- Interactive map of the Hazrati Bashir mausoleum area

General information
- Type: Mausoleum
- Classification: Cultural heritage object
- Location: Bashir village, Kitob district, Qashqadaryo region, Uzbekistan
- Coordinates: 39°16′16″N 67°06′04″E﻿ / ﻿39.270991°N 67.101079°E
- Named for: Hazrat Sultan Said Ahmad Bashir
- Year built: 18th century
- Owner: State property

Technical details
- Material: Wood
- Floor count: 2

Design and construction
- Designations: Included in the national register of immovable property objects of material cultural heritage on October 4, 20191
- Known for: The burial place of Hazrat Sultan Said Ahmad Bashir, a famous Sufi saint and scholar

= Hazrati Bashir Mausoleum =

The Hazrati Bashir Mausoleum (Uzbek: Hazrati Bashir maqbarasi) is a cultural heritage object located in Uzbekistan. The object was built in the 18th century. Hazrati Bashir mausoleum is located in the Bashir village of Kitob district, Qashqadaryo region. According to the rights of immovable property, it is considered state property on the basis of the operational management right of the Qashqadaryo region cultural heritage administration.

It is entrusted to the “Vaqf” charity community fund on the basis of a free use agreement. By the decree of the Cabinet of Ministers of the Republic of Uzbekistan, it was included in the national register of intangible property objects of material cultural heritage on October 4, 2019 — taken under state protection.

==Naming==
The mausoleum is named after a person whose original name was Sayyid Ahmad. This person was popular among the people by the names of Bashir or Beshir ota. Bashir (or beshir) means a person who has not drunk milk.

Hazrat Sultan Said Ahmad Bashir (1368—1464) according to legends, his father Khwaja Hasan was 90 years old, his mother Bibi Malokhat was 80 years old when he was born. After this son, they have two more children and Said Ahmad does not drink his mother's milk. His birth is also associated with the prayer of Said Nematullah, the uncle of Amir Temur’s teacher Mir Said Baraka.

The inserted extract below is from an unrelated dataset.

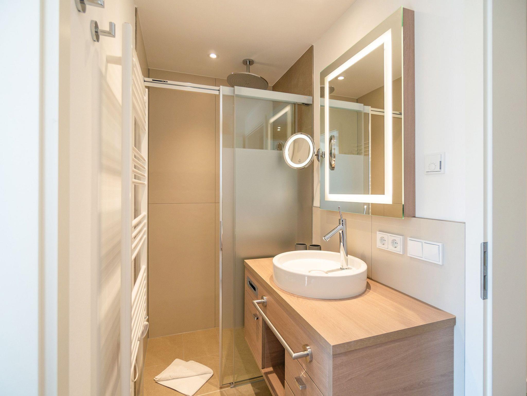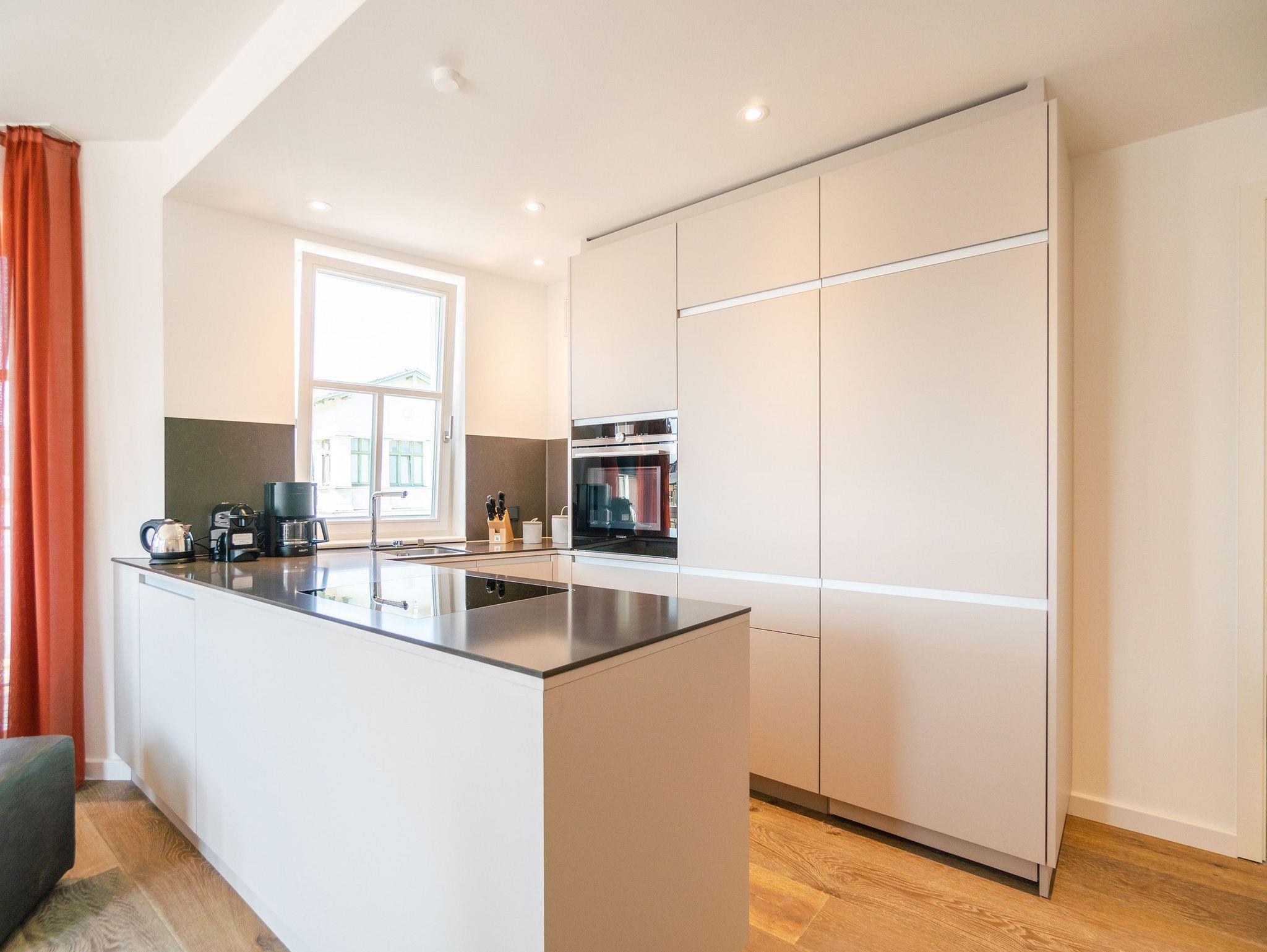 Im 3. Obergeschoss des Beachhouses werden Meerblick-Urlaubsträume wahr. Auf 69 Quadratmetern lichten Wohndesigns können bis zu vier Personen und ein Kleinkind bis drei Jahre (im Kinderreisebett) ihren Ostseeurlaubsträumen mit viel Komfort frönen. Das Meer, das sich hier schon morgens auf einem der zwei Balkone mit glitzerndem Sonnenaufgang in den Blick legt, ist nur ein paar Meter entfernt. Meeresrauschen ist hier also garantiert. Einmal tief durchatmen, den Kopf frei bekommen, abschalten und wohlfühlen in diesem Appartement gelingt das schon beim Eintreten in das lichtdurchflutete Wohnzimmer. Stilvoll und harmonisch eingerichtet fällt das Entspannen auf der bequemen Couch oder dem nordischen Design-Schaukelstuhl aus Leder nicht schwer. Ein großer Flat-TV und eine Hi-Fi-Anlage mit bluetooth sorgen für Unterhaltung. Blickfang an kühlen Tagen ist auf alle Fälle der Gas-Kamin aus Glas. Wenn sie ihn während des Essens am schönen Essplatz anmachen, zaubert er per Knopfdruck eine romantische Dinner-Atmosphäre. Zum Wohn-Essbereich hin geöffnet ist die mit hochwertigen Geräten und edlem Geschirr vollausgestattete Küche. Die nach drei Seiten frei zugängliche Kochinsel ist ein ideale Raumteiler. So können alle beim Kochen, Braten und Schmausen zusammen sein. In der Küche steht ebenfalls ein Wasch-Trockner zu Ihrer Verfügung. Vom Wohnzimmer aus haben Sie Zugang zu gleich zwei Balkonen. Ein kleinerer (8 Quadratmeter groß) hat freien Blick auf die Ostsee. Vom zweiten Balkon (9 Quadratmeter groß) aus können Sie den ganz Tag die Sonne hoch über den Dächern der Bansiner Bädervillen genießen. Denn er ist zum Süd-Westen hin ausgerichtet. Von beiden Schlafzimmern aus haben Sie ebenfalls Zugang zu jeweils einem der beiden Balkone. Beide Zimmer haben auch einen Flat-TV. Genießen Sie hier die Ruhe und gönnen Sie sich eine erholsame Nacht in den komfortablen Boxspringdoppelbetten (1,60 m x 2,00 m und 1,80 m x 2,00 m). Die Wohnung verfügt zudem über zwei Bäder mit Regendusche, Waschtisch und WC. Im Masterbad erwartet Sie sogar noch eine Finnische Sauna. Kommen Sie bei muscheligen Temperaturen ordentlich ins Schwitzen. Denn die kleine Wellnessoase steht Ihnen kostenfrei zur Verfügung. Ebenso wie das WLAN. Für Ihren Rundum-Komfort haben wir bei der Anreise die Betten bereits bezogen und Handtücher bereit gelegt. In der hochmodernen Tiefgarage ist der Stellplatz Nr. 23 für Ihre Wohnung reserviert.

Said Ahmad Bashir became famous by the nickname “Mir of Truth”. He became interested in the Khwaja Ahmad Yassaviy tariqa at a time when the Naqshbandiyya teachings were widely spread in Central Asia.

Many Muslims from different countries came to Hazrat Bashir ota's presence and became his disciples. He died around 1464 and was buried in Niyoztepa in Bashir village.

His grave is located on a hill covered with archa trees, in a place where he built a house for himself.

==Architecture==
A memorial carved by masters in the form of a chest is installed on the tombstone of Hazrati Bashir ota in the mausoleum. Two sons and one servant of Bashir ota are also buried in the mausoleum. There is also a tombstone in the mausoleum, which is considered to belong to the original Mongol emperor Mirzo Sayyid Ahmad Jamoliddin.

The mausoleum is built of simple, colorless, plain wood. The mausoleum consists of two floors. Near the mausoleum there is also a room where Hazrati Bashir ota lived.

The mausoleum was moved to the left side of the grave due to the construction of the Hazrati Bashir ota mosque and brought to its current place.

In 1943, the mausoleum and mosque area was abandoned. The bricks of the madrasah located in the pilgrimage area were taken away.